Again I would like to assert that the subject matter is highly complex and that theoretical models and lab experiments are no substitute for observations in the field. The diagram contains scenario pathways through a box labelled Unstable surface conditions in which, given a planet which is an Earth-analogue in its gross properties of mass, composition and orbit, either Earth-analogue surface conditions do not arise at all, or else they do arise but do not endure long enough to allow an initial endowment of microbial life to go all the way to spacefaring industrial civilisation. So far as I can see, at the current level of knowledge these scenario options remain open, again resulting in no Fermi paradox.

The Fermi paradox

How then can we establish that there does indeed exist a Fermi paradox?

Firstly, it is necessary to demonstrate that biogenesis is a common event, not a rare one, in our galaxy. This will require at least one other genesis of life to be found in our galactic vicinity. It must be analysed in sufficient microbiological detail to prove that it cannot be related to Earth life.

Secondly, it is necessary to demonstrate that favourable surface conditions on Earth-analogue planets commonly endure for periods on the order of four billion years. This will require detailed study of the geology and biology of at least one Earth-analogue planet in our galactic vicinity.

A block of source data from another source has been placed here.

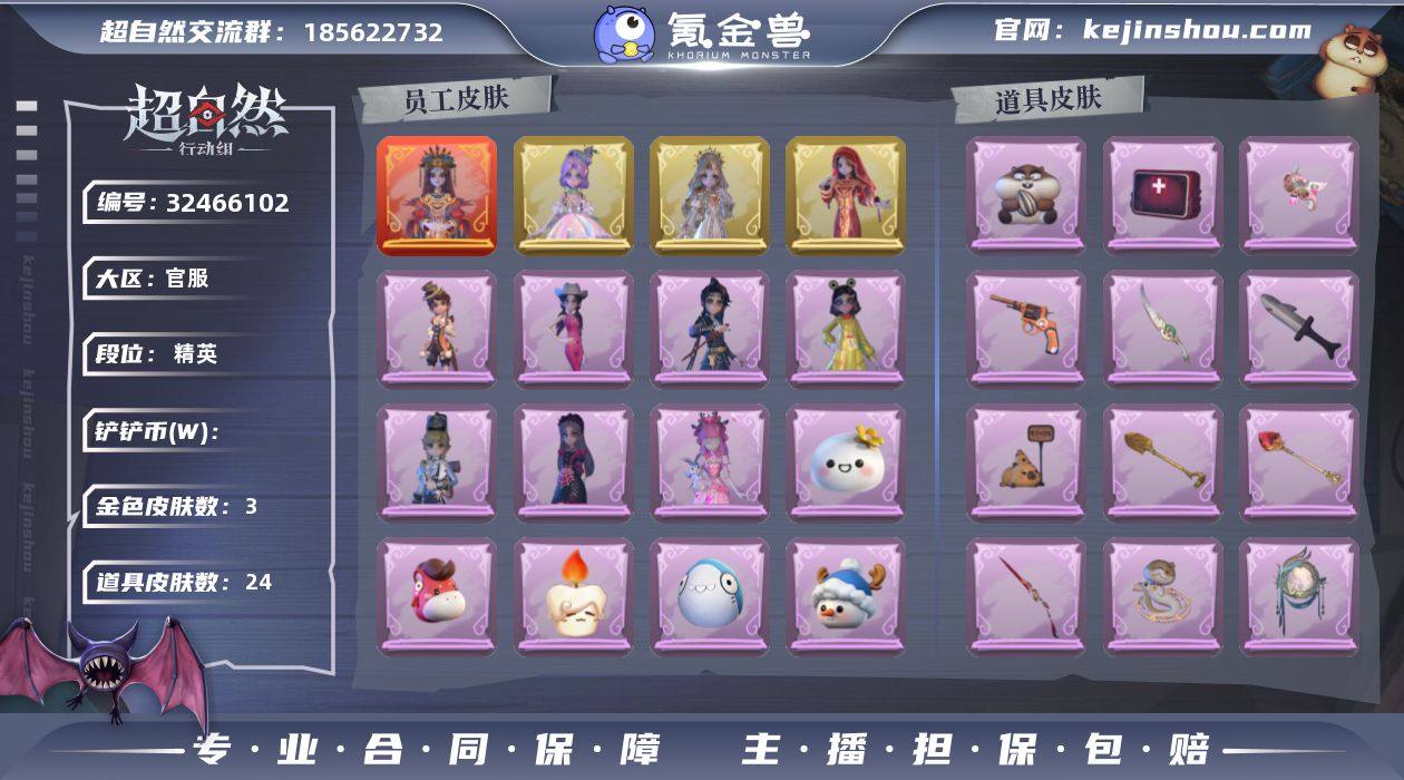 红皮1;金皮3;紫皮7;道具皮23;皮肤:巫铃儿-镜生遗梦,薇薇安-圣光之谕,巫铃儿-镜花辞,小黄-遗失的童话,爱丽丝-丝缕哀歌,阿念-王子与骑士,逍遥-绣春逍影,莉莉-情公主,爱丽丝-耀眼的你,阿念-庆宴绮愿,小黄-呱呱雨衣;道具:音响-鸣沙鼓,专业手电-云端梦想计划,桃木剑-凤鸣九天,葫芦-伏妖塔,铲子-卡皮巴拉小黄豚铲,急救包-蔷薇物语,腰包-宝剑八,刺刀-碧络琅环,铲子-圣心之泪,音响-happy猫,黄牛能量饮料-青玉抱丹,电击枪-甜蜜泡泡枪,摸金符-祝祷词,传送按钮-昆仑镜,转轮手枪-新星时代,急救包-土拨鼠捏捏,短管猎枪-星光的裁决,铲子-龙鳞,刺刀-小鲨匕首,额外的背包-飞花令,闪光弹-金戈玄铜,夜视仪-金丝眼镜,长鞭-小狗蛇点点鞭;饰品:头饰-大葱明头套,头饰-蒜了八,头饰-炙热烧烤,头饰-萨卡班甲鱼头套,头饰-芝麻糊汤圆,头饰-惊魂南瓜头套,头饰-卑微头套,头饰-嘻嘻头套,头饰-哈士奇头套,头饰-樱桃奶油布丁,头饰-精致露比头套,头饰-鱼头怪头套,头饰-烈焰红唇头套,头饰-太空鲨头套,头饰-火爆了头套,头饰-呆滞头套,头饰-雪墩墩头套,头饰-面具马头套,头饰-马上有钱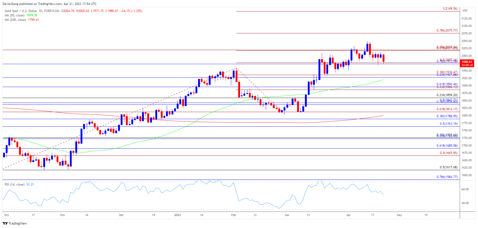 - 由于50日均线(1920美元)呈正斜率,收盘未跌破1973美元(78.6%斐波那契回撤位)至1977美元(50%斐波那契延伸位)区域可能会将金价推回至2018美元(61.8%斐波那契延伸位)至2020美元(78.6%斐波那契延伸位)区域。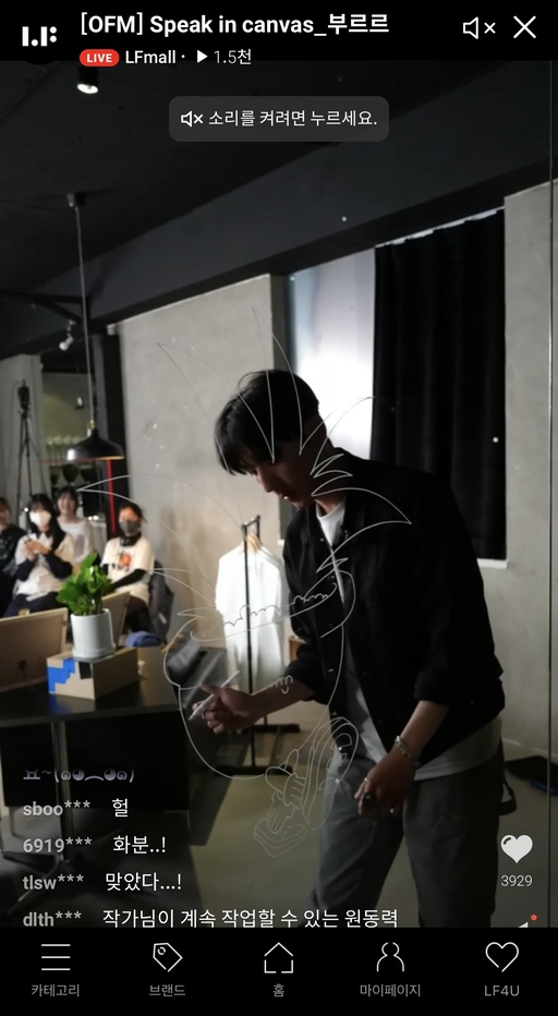 지난달 28일 LF몰 OFM(Orange From Mars)은 주목받는 1999년생 Z세대 작가 부르르(boooruru)가 직접 자신의 작품 세계를 소개하고 실시간 드로잉도 선보이는 라이브방송을 진행했다. 그는 오일파스텔로 어린이의 순수함을 담은 그림으로 2030 팬덤을 보유한 신예 작가다. 이날 진행한 방송은 누적 조회수 2600여 회에 1만5000여 개의 '좋아요'를 기록했다. 이날 방송에서는 작품 2점과 티셔츠, 머그컵 등의 굿즈가 판매됐다.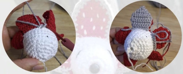 Coudre les oreilles sur les côtés entre les tours 13 et 15.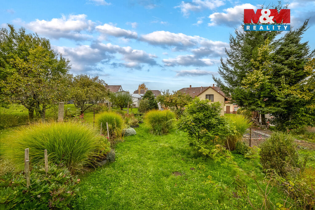 Na pozemku je starší garáž a zahradní domek. K domu patří zahrada o celkové ploše 471 m2, před domem menší předzahrádka, za domem soukromí a zadní část zahrady je okrasná. Velkým benefitem je vlastní kopaná studna.

Thirdly, these studies will necessarily occupy the attention of an expanding human civilisation over the next century or more. They will depend upon sufficient mastery of interstellar spaceflight to explore exoplanets to better than the level of detail we have achieved on Mars over the past half century.

Therefore the act of making those observations will in itself demonstrate that industrial civilisations are not universally intrinsically unstable, and not universally confined to their home planets, ruling out the two sociological branches deriving from the realisation of common technogenesis in the bottom-right corner of the diagram.

After we have made all these observations it will have been demonstrated that the Fermi paradox does indeed exist!

Alternatively, if we fail to complete this programme of work, the sociological branches will remain open, and thus the Fermi paradox will solve itself!

References

1. Paul Davies, The Eerie Silence: Searching for Ourselves in the Universe (Allen Lane, 2010).

2. Paul C.W. Davies, “Bio-Signatures and Techno-Signatures beyond Earth”, presented at the three-day symposium entitled “Exploring Exoplanets: The Search for Extraterrestrial Life and Post-Biological Intelligence”, the John Templeton Foundation’s Humble Approach Initiative, September 2015, held at the Royal Society, Chicheley Hall, near London, UK.

3. Cora S. Thiel et al., “Rapid adaptation to microgravity in mammalian macrophage cells”, Nature, Scientific Reports 7, Article number: 43 (2017); doi:10.1038/s41598-017-00119-6; published online: 27 February 2017 (https://www.nature.com/articles/s41598-017-00119-6).

4. Y. Alibert and W. Benz, “Formation and composition of planets around very low mass stars”, Astronomy and Astrophysics Letters 598, L5 (2017); DOI: 10.1051/0004-6361/201629671.

5. P. Ward and D.E. Brownlee, Rare Earth: Why Complex Life is Uncommon in the Universe (Copernicus, 2000).

6. A. Chopra and C.H. Lineweaver, “The Case for a Gaian Bottleneck: The Biology of Habitability”, Astrobiology 16(1): 7-22 (2016); DOI: 10.1089/ast.2015.1387.

7. D. Schulze-Makuch and W. Bains, The Cosmic Zoo: Complex Life on Many Worlds (Springer, 2017).